Rising Poem
I think the Rising Poem is talking about two different individuals, both of who have the Echo. However, they use it in different ways. The first Echo-user is using the Echo to shine light around the realm while they travel over it. The second Echo-user is using it to sow darkness and confusion by transcending the differences between people (possession). It's very possible that the Poems is talking not about different individuals with the Echo, but different groups of people with the Echo. Both the WoL and the Ascians have the Echo, but they use it in very different ways and both the WoL and the Ascians have influenced both the situation in Ishgard and the situation in Ala Mhigo. Both of them are definetly going to influence the situation in Garlemald.
Balance (or unBalance)
Everything we've seen in the game (and from lore interviews) up until now indicates that the world has not been in balance since the Astral/Umbral Eras started. There's a lore interview somewhere (I can't find it, anyone knows which one it was?) where Koji revealed that when Hydaelyn sealed up Zodiark in the moon and shattered the shards, she did it out of desperation because she was weaker then Zodiark at the time. And that ever since then, the Ascians have been trying to rejoin the Shards to Hydaelyn which, once finished, will wake up Zodiark again. There's literally only one character in the entire game that does not act like this is what is really going on (Elidibus), but given his particular brand of "leaving out that one piece of information that turns the meaning of everything I told you on it's head" I'm not trusting him. Especially when the being whose influence he is trying to lessen is operating in a "all life is sacred to me, even if letting that shard be flooded with light would deny my enemy strength" mode.
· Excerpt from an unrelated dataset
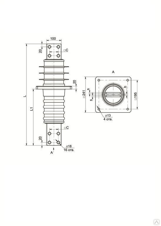 наружной установки ипу Проходной изолятор с токопроводом (токоведущими шинами) содержит токоведущий элемент, механически соединенный с изоляционной частью. Изделие предназначено для проводки токоведущих элементов через стенку, имеющую другой электрический потенциал.

I think it's safe to say that no one knows what a balance between Light and Darkness actually looks like. Maybe not even Elidibus. For all we know, he's as manipulated by Zodiark as Elidibus' pawns are manipulated by him. Further complicating this is that for a "true" balance of Light and Dark to exist, it might be that the word(s) as we know it might need to end. I think it's safe to say at this point that Hydaelyn stopped settling for a "true balance" in favor of "enough balance" so long as her children have the opportunity to live out their lives without Zodiark or Ascian involvement. However, the Ascians are all about meddling in people's lives and from what we can tell, Zodiark never wanted balance in the first place. I don't think they are going to stop until Hydaelyn doesn't exist anymore. Elidibus might care about balance, but he's willing to sacrifice everyone to bring it about.
Garlean Stuff
The Garleans have a major problem on their hands, that they should really be paying more attention to if they want to keep their cultural and technological improving. Their best engineers, their best playwright, and arguably one of their best generals have all decided that it's better for them to not be working with their state under the current regime. I can't imagine that they're the only Garleans who think that, it's just that they're the Garleans who had the means or opportunities to flee Garlemald and get away with it. I fully expect us to meet more Garleans who want to leave Garlemald in the coming patches. For me, Garlemald has gotten to the point where I'm less concerned with people betraying the country, then I am with the country betraying it's citizen's ideals for it. Once a country has gotten to that point, leaving it can be as much a deceleration of loyalty to what the country used to be as it can be a betrayal of what the country is turning into.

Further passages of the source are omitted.